[Exercise input]
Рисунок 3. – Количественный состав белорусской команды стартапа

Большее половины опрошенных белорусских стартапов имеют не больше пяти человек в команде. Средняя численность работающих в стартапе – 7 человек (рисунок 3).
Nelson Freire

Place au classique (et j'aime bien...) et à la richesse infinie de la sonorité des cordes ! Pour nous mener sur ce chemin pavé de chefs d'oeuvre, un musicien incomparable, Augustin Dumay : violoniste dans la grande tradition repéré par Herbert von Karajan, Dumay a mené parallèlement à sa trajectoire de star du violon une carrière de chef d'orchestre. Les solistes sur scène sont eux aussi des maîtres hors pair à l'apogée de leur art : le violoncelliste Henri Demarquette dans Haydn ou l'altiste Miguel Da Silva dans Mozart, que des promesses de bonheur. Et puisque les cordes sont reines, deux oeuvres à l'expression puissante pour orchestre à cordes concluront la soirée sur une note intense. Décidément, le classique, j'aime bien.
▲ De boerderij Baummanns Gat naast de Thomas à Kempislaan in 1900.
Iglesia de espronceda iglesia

...

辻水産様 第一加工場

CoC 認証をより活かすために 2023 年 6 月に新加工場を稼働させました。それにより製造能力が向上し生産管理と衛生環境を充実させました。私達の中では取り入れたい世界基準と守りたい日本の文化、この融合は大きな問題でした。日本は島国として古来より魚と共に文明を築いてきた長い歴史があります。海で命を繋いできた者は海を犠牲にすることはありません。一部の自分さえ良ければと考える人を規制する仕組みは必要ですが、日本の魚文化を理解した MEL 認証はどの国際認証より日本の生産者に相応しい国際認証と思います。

[Task brief] Look above for the line holding "Kempislaan in 1900." and the line holding "Iglesia de espronceda iglesia". Retype both, and every line between them, word for word and nothing else.

[Task output]
▲ De boerderij Baummanns Gat naast de Thomas à Kempislaan in 1900.
Iglesia de espronceda iglesia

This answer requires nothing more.